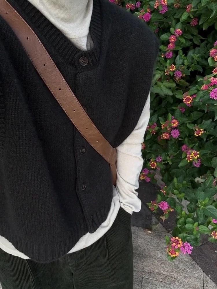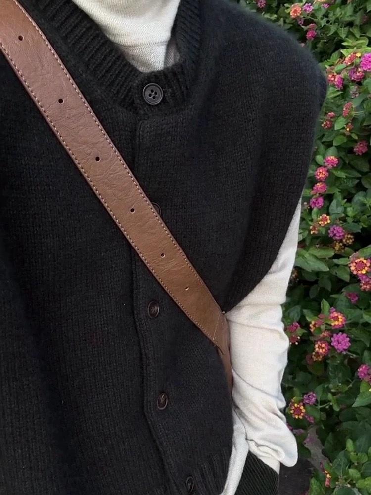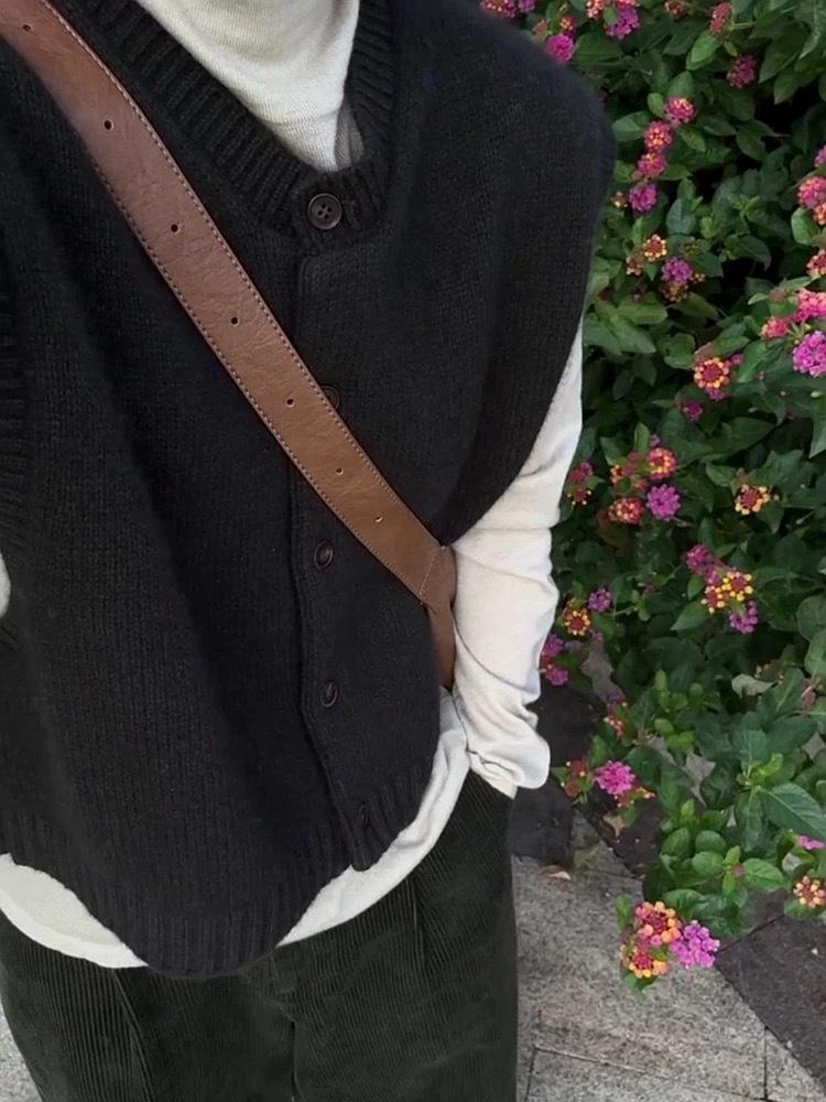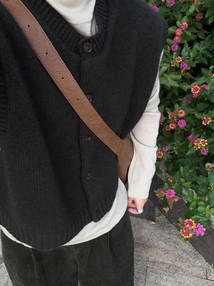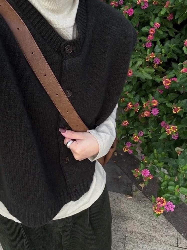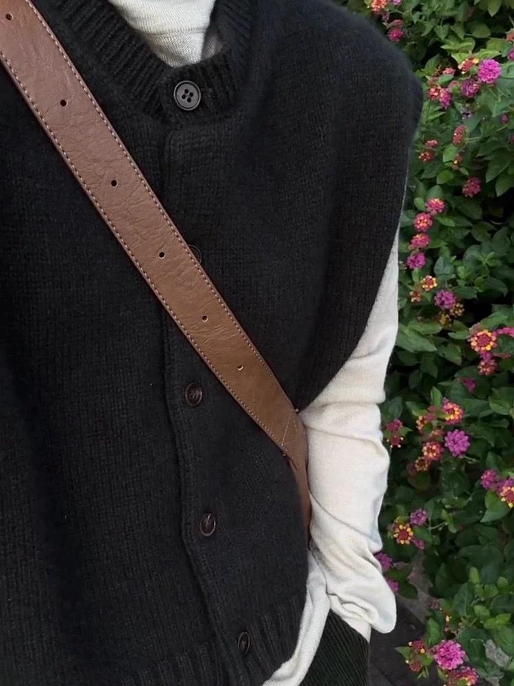 Otoño/Invierno 2025 Nuevo Estilo Coreano Lana Pura para Mujer Cárdigan Chaleco de Cuello Redondo Tejido sin Mangas Suelto Corto
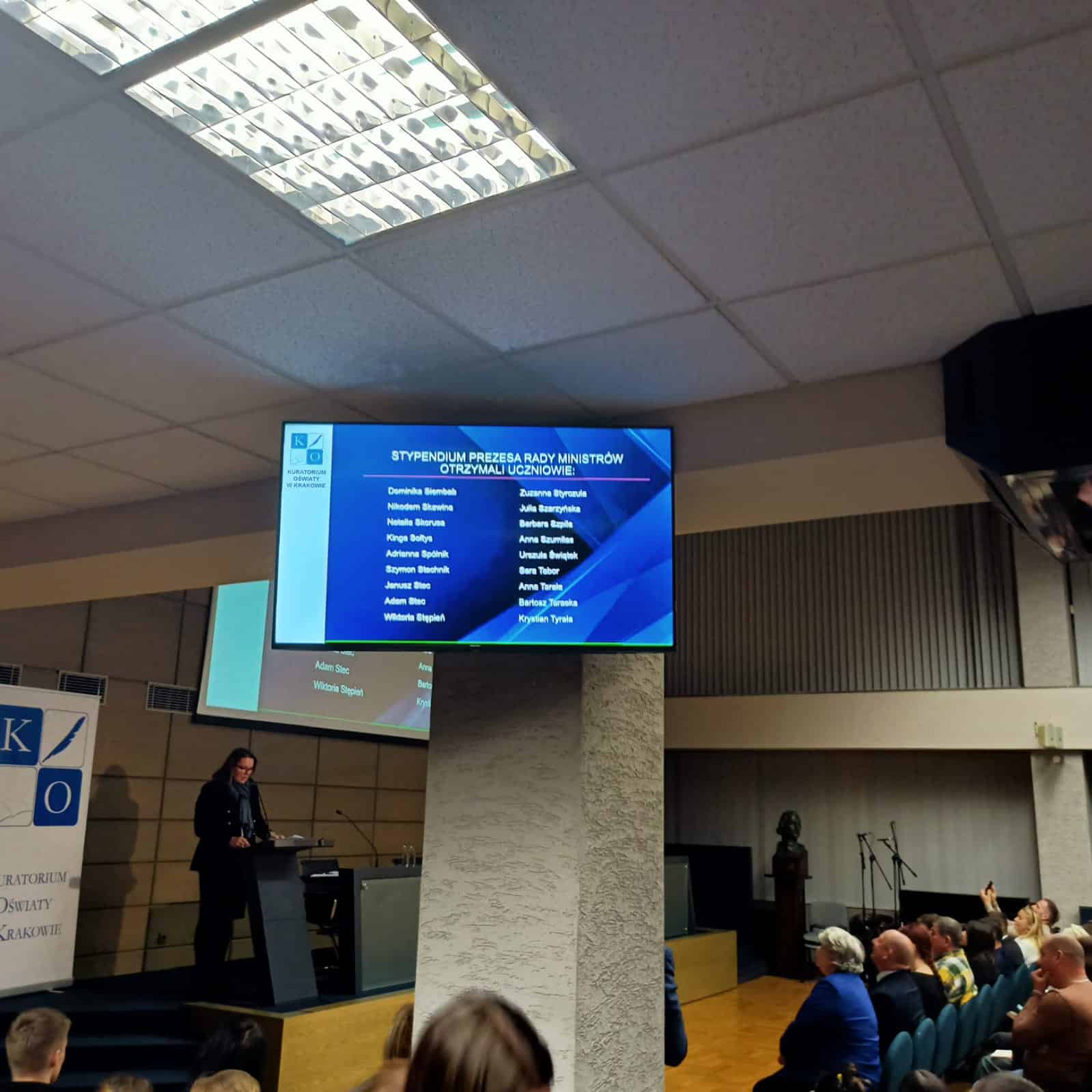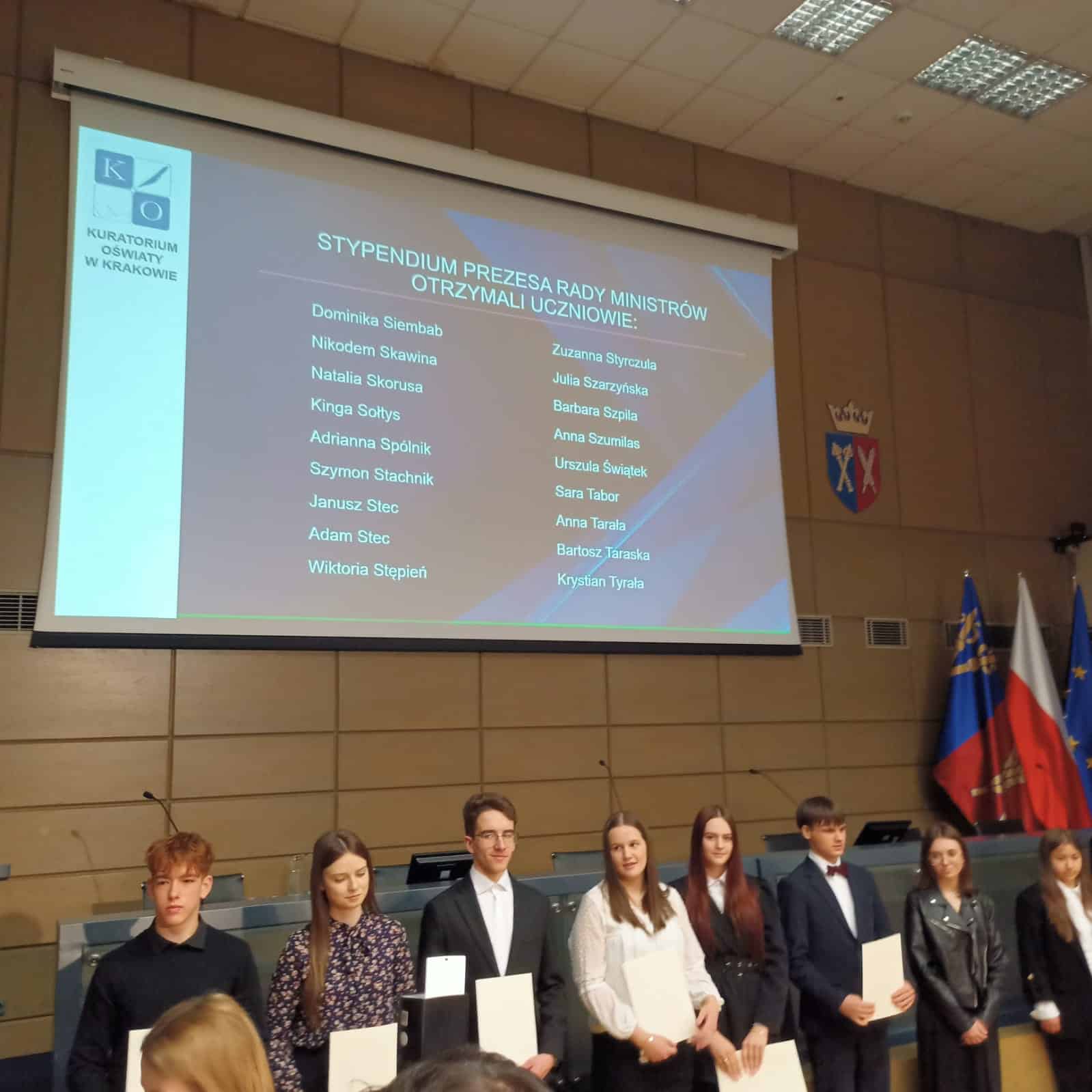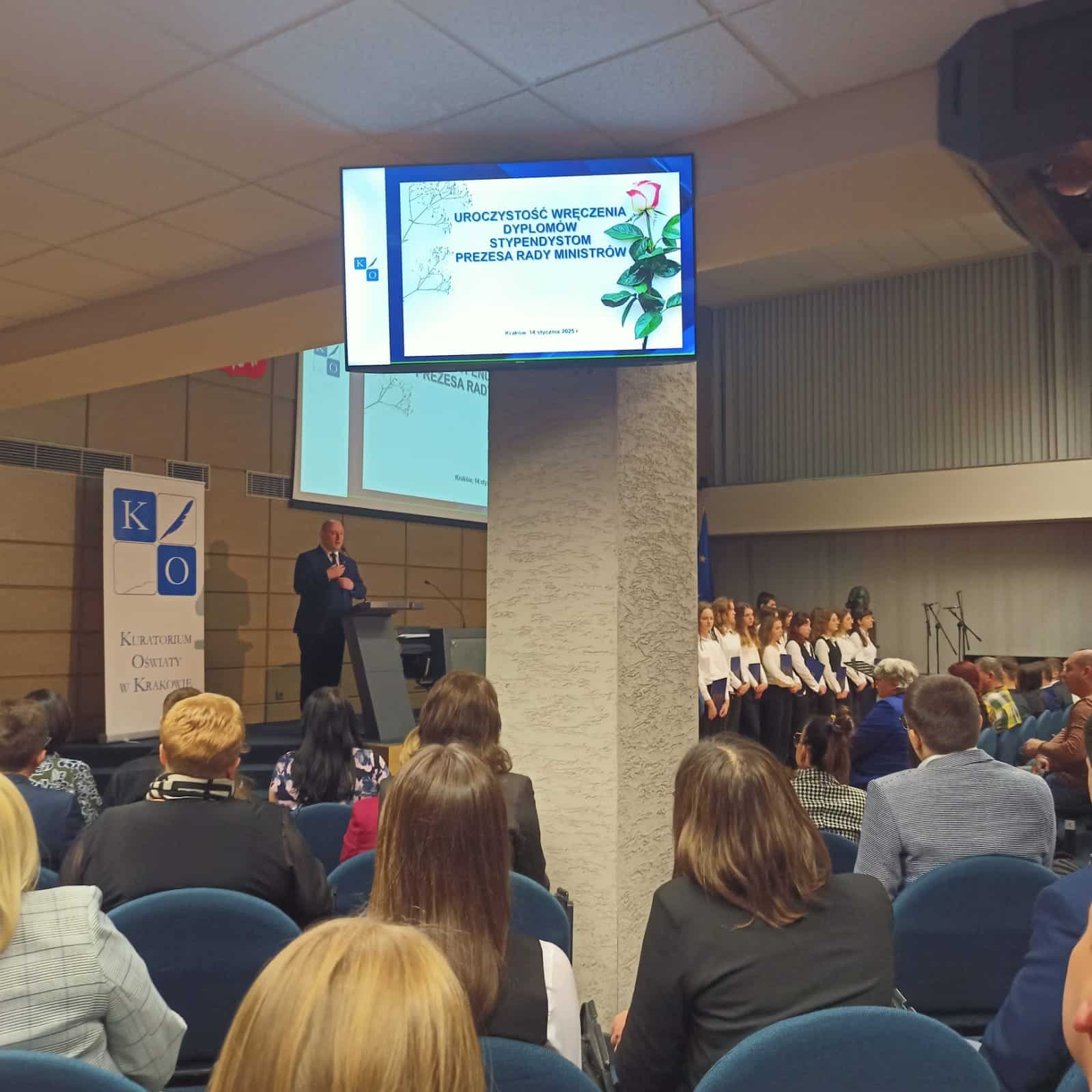 Uroczyste wręczenie stypendiów Prezesa Rady Ministrów odbyło się 14 stycznia na gościnnej Auli Uniwersytetu Rolniczego w Krakowie. To wyjątkowe wydarzenie, podkreślające osiągnięcia najlepszych uczniów w Małopolsce, pośród których znalazła się nasza uczennica Adrianna Spólnik. Ada odebrała stypendium Prezesa Rady Ministrów za najwyższą średnią ocen w roku szkolnym 2023/2024 (5,31). Dyplomy stypendialne najlepszym z najlepszych w Małopolsce wręczali: Wojewoda Małopolski Krzysztof Jan Klęczar oraz Kurator Małopolska Gabriela Olszowska. Serdeczne gratulacje dla uczennicy i jej Rodziców! Zachęcamy wszystkich naszych uczniów do współzawodnictwa
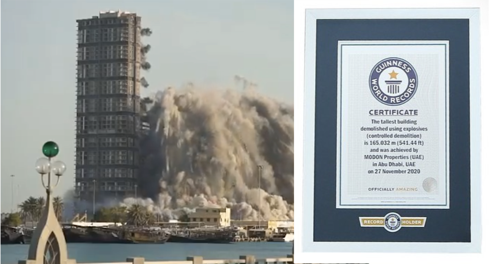 The demolition of Mina Plaza in Abu Dhabi, Friday, has recorded a Guinness World Records for the tallest building demolished using explosives (controlled demolition).
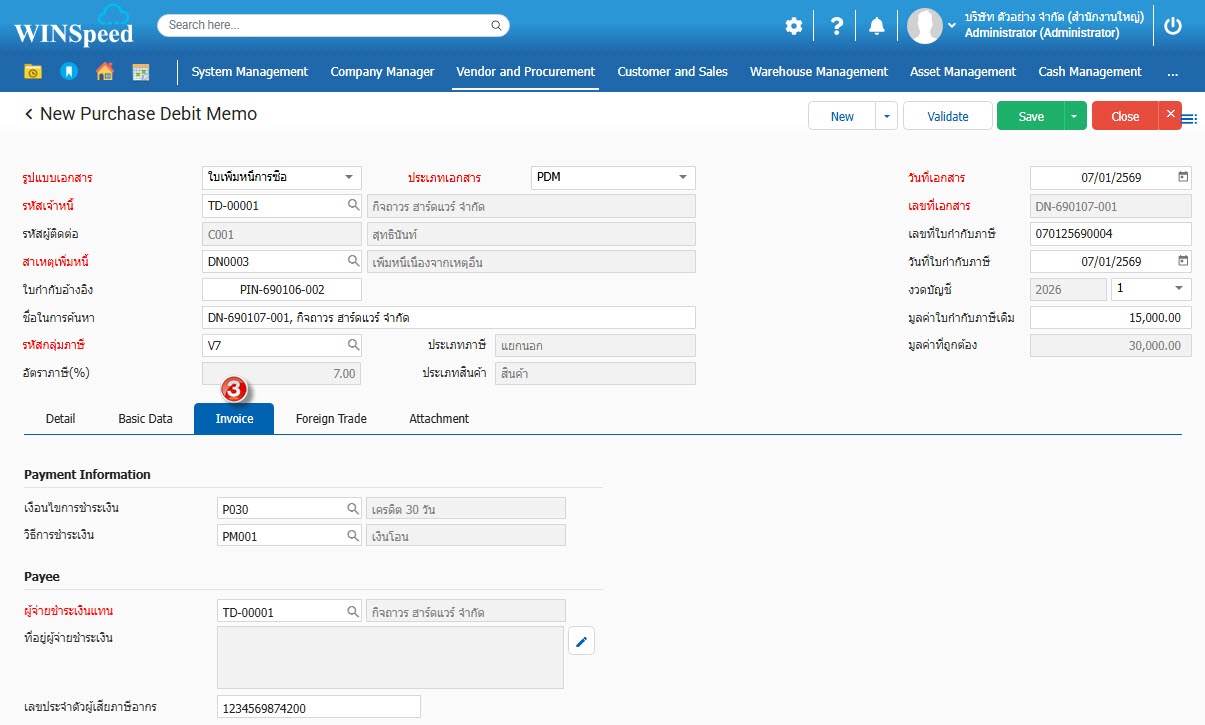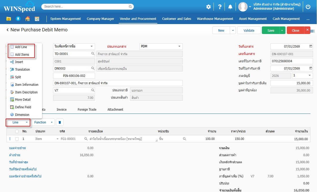 1.สามารถเข้าที่ระบบ Vendor and Procurement -> Transaction -> ใบเพิ่มหนี้การซื้อ

**Activity**
Set the listing down again exactly, skipping each picture.

**Exercise result**
 Otoño/Invierno 2025 Nuevo Estilo Coreano Lana Pura para Mujer Cárdigan Chaleco de Cuello Redondo Tejido sin Mangas Suelto Corto
 Uroczyste wręczenie stypendiów Prezesa Rady Ministrów odbyło się 14 stycznia na gościnnej Auli Uniwersytetu Rolniczego w Krakowie. To wyjątkowe wydarzenie, podkreślające osiągnięcia najlepszych uczniów w Małopolsce, pośród których znalazła się nasza uczennica Adrianna Spólnik. Ada odebrała stypendium Prezesa Rady Ministrów za najwyższą średnią ocen w roku szkolnym 2023/2024 (5,31). Dyplomy stypendialne najlepszym z najlepszych w Małopolsce wręczali: Wojewoda Małopolski Krzysztof Jan Klęczar oraz Kurator Małopolska Gabriela Olszowska. Serdeczne gratulacje dla uczennicy i jej Rodziców! Zachęcamy wszystkich naszych uczniów do współzawodnictwa
 The demolition of Mina Plaza in Abu Dhabi, Friday, has recorded a Guinness World Records for the tallest building demolished using explosives (controlled demolition).
 1.สามารถเข้าที่ระบบ Vendor and Procurement -> Transaction -> ใบเพิ่มหนี้การซื้อ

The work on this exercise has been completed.